From Accession Card:
Red and Black lacquer on wood, zelkova burl panels, pine side and back panels, brass fittings. This large, rectangular chest, with its multiplicity of panels and moldings and ornamental hardware, indicate it was made for the women's quarters in the home of a member of the royal family. Chests decorated with red and black lacquer were usually restricted to royal use. Confucianism required upper class Yi Dynasty men and women to maintain separate living quarters within the same house. They ate separately, slept separately, although husbands could visit their wives during the night. The chest rests on low, somewhat curved feet, painted a dull red and bound at the corners with brass plaques. The front of the chest is divided into two lower compartments side by side, two larger upper compartments one about another and a small top row of small flat drawers. Each compartment has double doors that hinge at the sides.

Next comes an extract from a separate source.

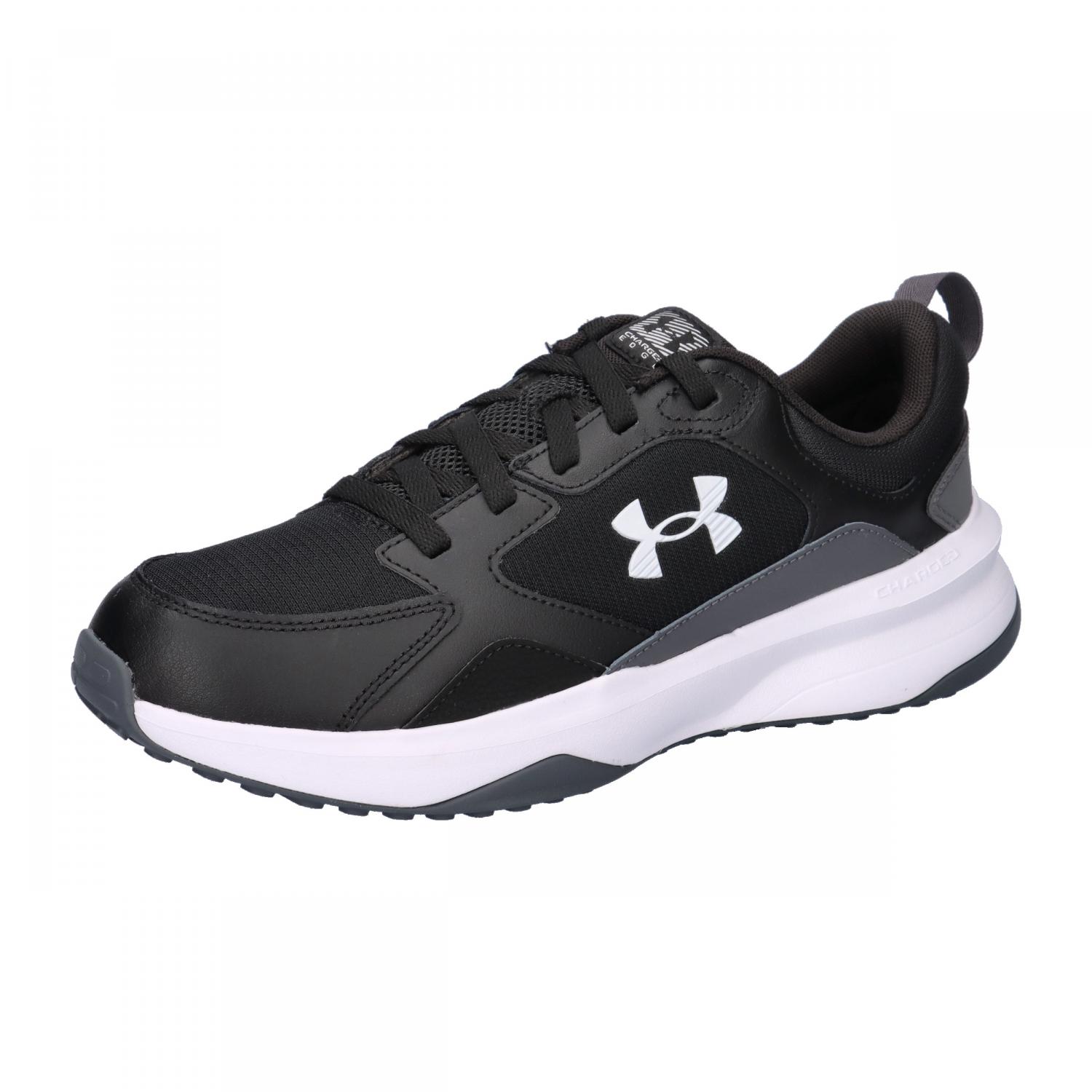 Under Armour Herren Trainingsschuhe UA Charged Edge. Diese Schuhe sind für das Training im und außerhalb des Fitnessstudios konzipiert. Charged Cushioning® schützt vor Stößen, Lederauflagen sorgen für eine stabile Passform und das Mesh-Obermaterial ist leicht und atmungsaktiv. Atmungsaktives Mesh-Obermaterial mit Leder- und Synthetikauflagen für Strapazierfähigkeit und Stabilität bei dynamischen Bewegungen. Zweilagige Ortholite-Einlegesohle für ultimativen Tragekomfort. Charged Cushioning®-Mittelsohle verwendet formgepressten Schaumstoff für ultimative Reaktionsfähigkeit und Strapazierfähigkeit. Langlebige Vollgummi-Außensohle mit strategischem Muster für Drehbewegung und Bodenhaftung. Obermaterial: Textil, Sonstiges Material. Futter und Decksohle: Textil. Laufsohle: Sonstiges Material.

The main frames and most of the moldings are in black lacquer, as are the five low panels across the bottom. The frames of the upper and middle pairs of doors are in red lacquer. The door panels, the fronts of the four small drawers across the top are zelkova burl wood: the side panels and back panels of this chest are made of pine and are undecorated. The brass fittings on this Chest are unusually elaborate; the hinges, latch plates, drawer pulls and corner fittings all have complex ornamental openwork. Decorative brass plaques depicting plants and songbirds were applied to each main panel on the front. The interior is papered, but the paper is now torn.
Condition: The chest is slightly chipped in places and the black is worn from some of the mouldings. Two locks and on plaque are missing. The center panel on the right side is cracked. Left rear leg weak; should be repaired.